_Data block_:

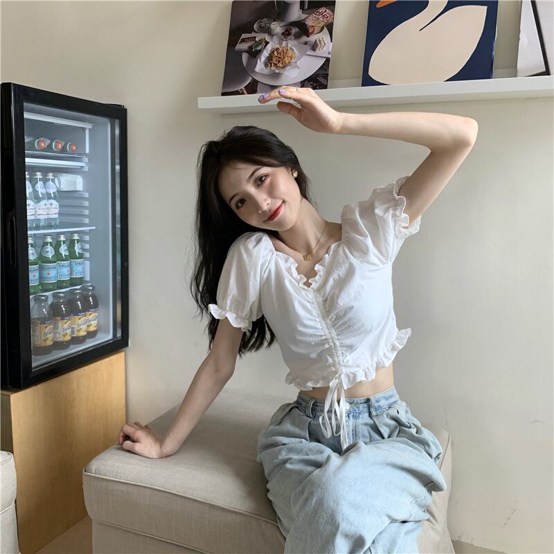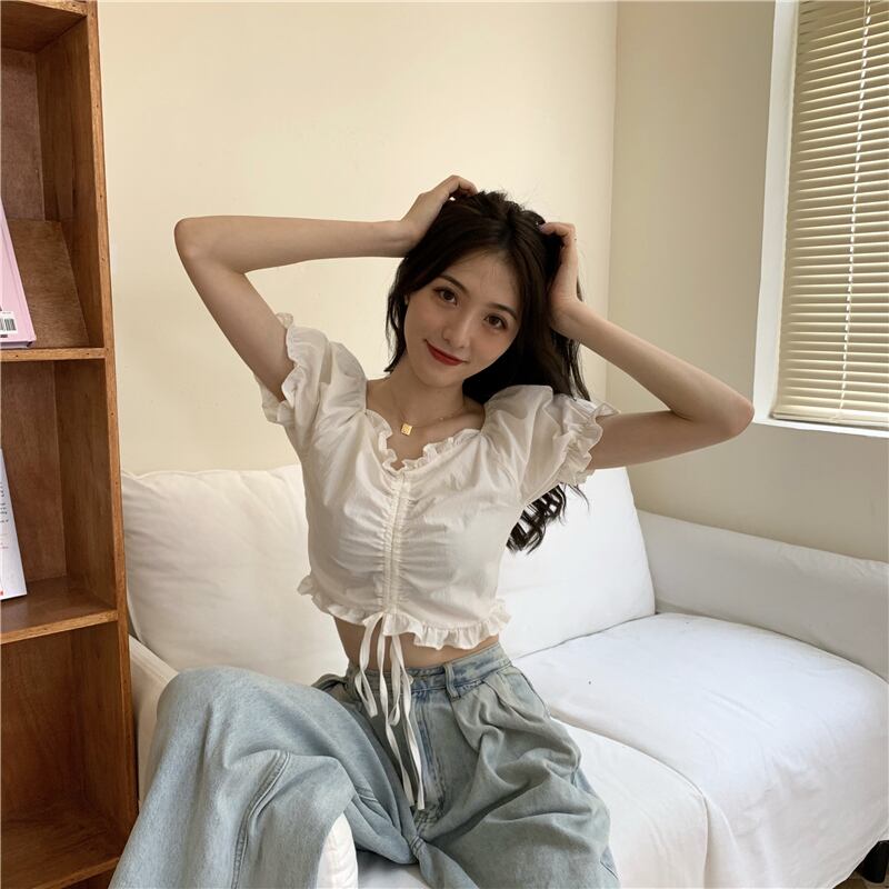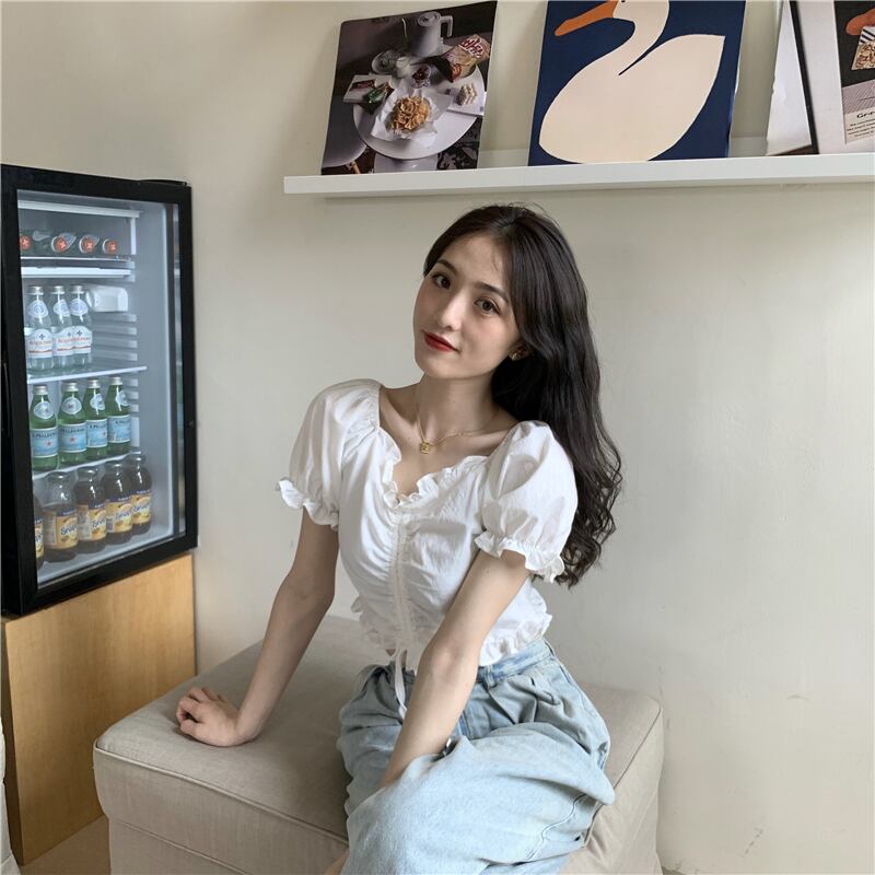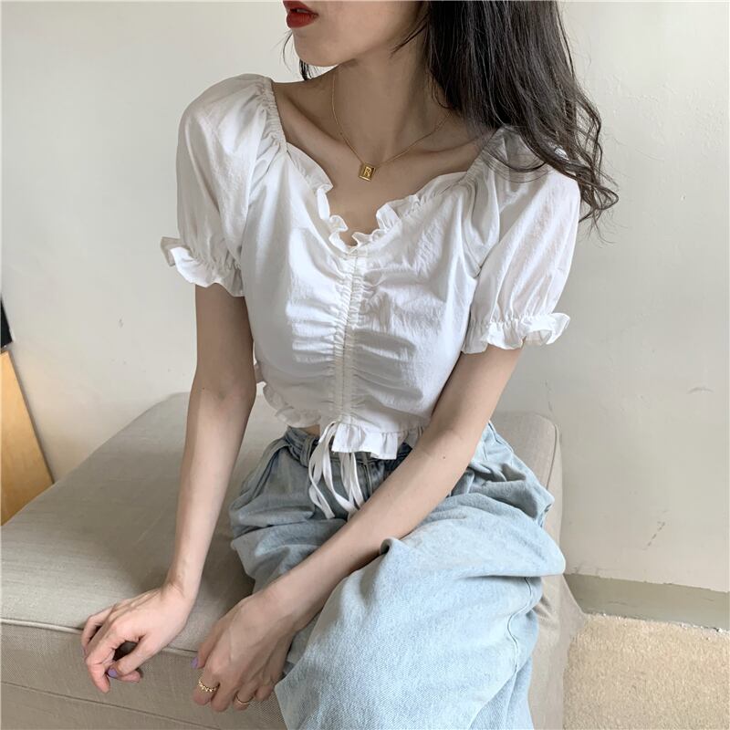ギャザースリーブシャツ サマースリムホワイトショート 夏物 クレセントシティ89373679489
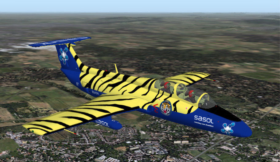 So far I have repainted Tim Conrad's Aero Vodochody in the colours of the Sasol Tigers aerobatic team (ZU-CYI). The team were very helpful in giving me access to the aircraft and giving me flying tips for the review I was doing. The repaint and Tim's base files are available at Avsim and Flightsim.
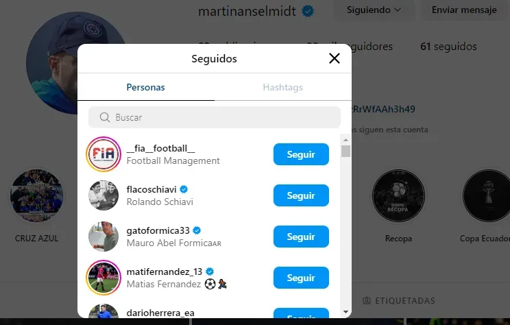 Entre ellos, se encuentran cuentas de algunos de sus exequipos, varios futbolistas y por supuesto la de Cruz Azul y el director deportivo, Iván Alonso. Aunque, lo extraño es que Martín Anselmi no sigue a ni un solo jugador de la plantilla cementera.

_Aim of the task_: Could you copy exactly, and with no pictures, the lines above from the one containing "So far I have" through the last line, both included?

_Task solution_:
 So far I have repainted Tim Conrad's Aero Vodochody in the colours of the Sasol Tigers aerobatic team (ZU-CYI). The team were very helpful in giving me access to the aircraft and giving me flying tips for the review I was doing. The repaint and Tim's base files are available at Avsim and Flightsim.
 Entre ellos, se encuentran cuentas de algunos de sus exequipos, varios futbolistas y por supuesto la de Cruz Azul y el director deportivo, Iván Alonso. Aunque, lo extraño es que Martín Anselmi no sigue a ni un solo jugador de la plantilla cementera.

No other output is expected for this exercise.